Consider this: U.S. oil production is increasing, month on month, even as WTI has slipped beneath $45 per barrel. If U.S. shale is this tenacious at these prices, what would happen if prices went up?
There are hundreds of hungry U.S. oil companies, and thousands of ready-to-produce shale wells, waiting to answer that question (EnergyWire, Feb. 26).
In February, Ed Morse of Citi led a team of analysts calling a "W-shaped recovery." Whenever oil prices get the courage to nudge up a bit, they said, it will encourage phalanxes of oil producers to turn on the taps.
Unlike most global oil production, shale can respond in weeks or months. And if that’s what happens, any recovery in prices will be quickly snuffed out. It could effectively give U.S. producers a pricing influence that only OPEC has enjoyed so far.
"This is the first experiment with dealing with shale supply, and the first time in which the world is getting used to a new oil order, with a ‘call on shale’ replacing a ‘call on OPEC’ as a new market benchmark," Morse and company wrote.
5) "Contango" and "supercontango"
Energy experts are fond of Yogi Berra’s quip that "it’s tough to make predictions, especially about the future." But oil traders can’t avoid it: There’s a futures market, and that’s where they have to place their bets.
These bets tell a story about what the market expects. Right now, the market is in "contango": That is, traders have bet that oil in future months will be worth more than it is on spot markets today.
That could change, depending on the news.
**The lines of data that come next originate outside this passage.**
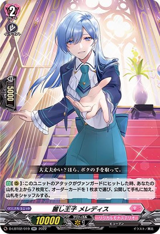 【自】【(R)】:このユニットのアタックがヴァンガードにヒットした時、あなたの山札を上から7枚見て、オーダーカードを1枚まで選び、公開して手札に加え、山札をシャッフルする。
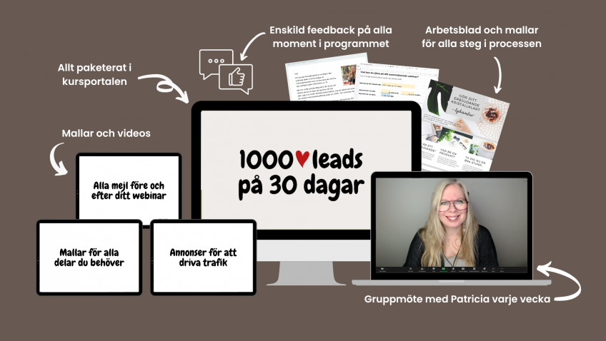 Det mest unika med 1000 leads på 30 dagar är att du får privat feedback på allt material du lämnar in under programmet. Skrifligt och/eller med en video där jag kommenterar och förklarar vad jag menar att du kan förändra för att öka din försäljning.
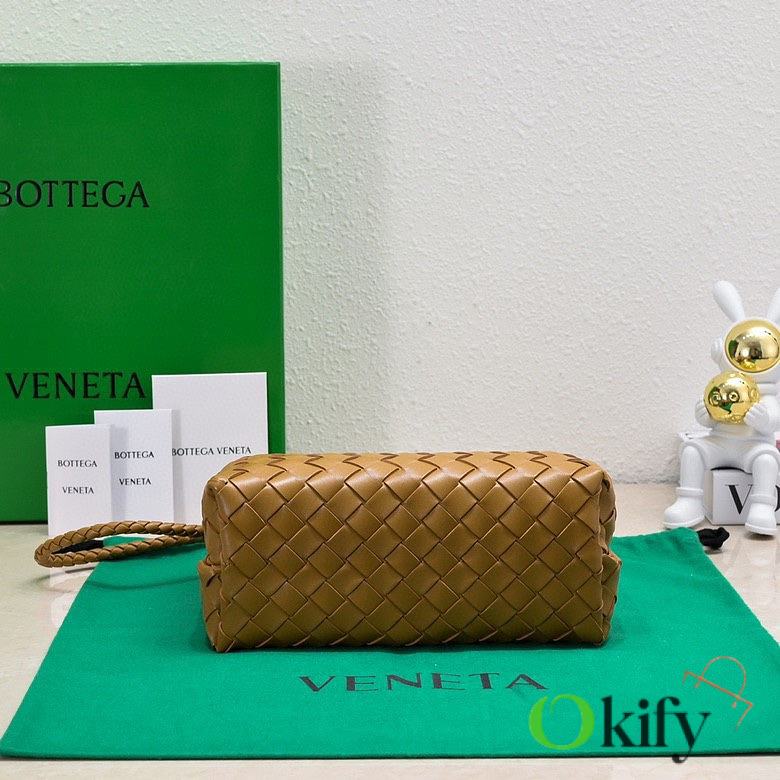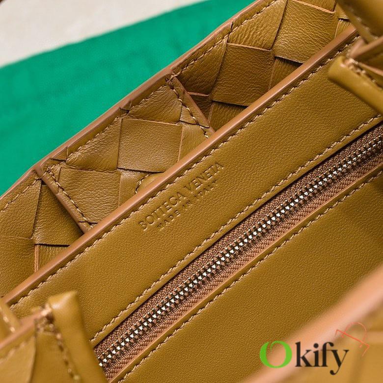 This time, the shoulder strap is woven from tubular strips, showing a different craftsmanship. This small intrecciato leather tote features a sliding crossbody strap and interior compartments, including one zippered and two open pockets with a magnetic snap closure.
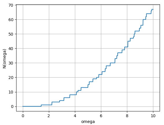 $$N(\omega) = n\Big(\{ \omega(n_x, n_y) | \omega >\omega(n_x, n_y), n_x, n_y = 1, 2, 3, ... \} \Big)$$
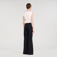 Straight-leg suit trousers with a slightly flared hem and a contrasting satin stripe on the side. - Sandro Women's suit trousers - Contrasting satin stripe on the side - Side zip fastening - High waist - True to size Reference: SFPPA01530_20 COMPOSITION & CARE Composition - Main material: 70% wool, 30% polyester Care advice - Do not wash - Do not bleach - Do not tumble dry - Iron at a maximum temperature of 110°C without steam - F/ - Professional dry clean, with hydrocarbon solvent, gentle treatment
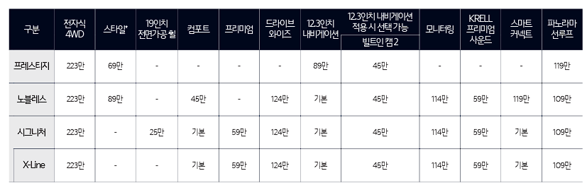 스포티지 하이브리드는 프레스티지, 노블레스, 시그니처

But more and more players in the oil industry are holding on to their oil on the hunch that prices will rise in the coming months. Some call it a "contango trade."
"You could actually now make money by buying oil today, putting it into storage, selling out a futures contract and making money down the road," oil expert Stephen Schork told Bloomberg TV.
But if this goes too far, beware of "supercontango."
If U.S. oil storage maxes out, WTI would sink like a stone. In a bid to stay afloat, traders would flee to Brent, the international crude benchmark that is currently a few dollars above WTI. That would then drag Brent down, analysts at Credit Suisse said this month. It would leave WTI averaging about $50 this year, "and not much more next year," they said.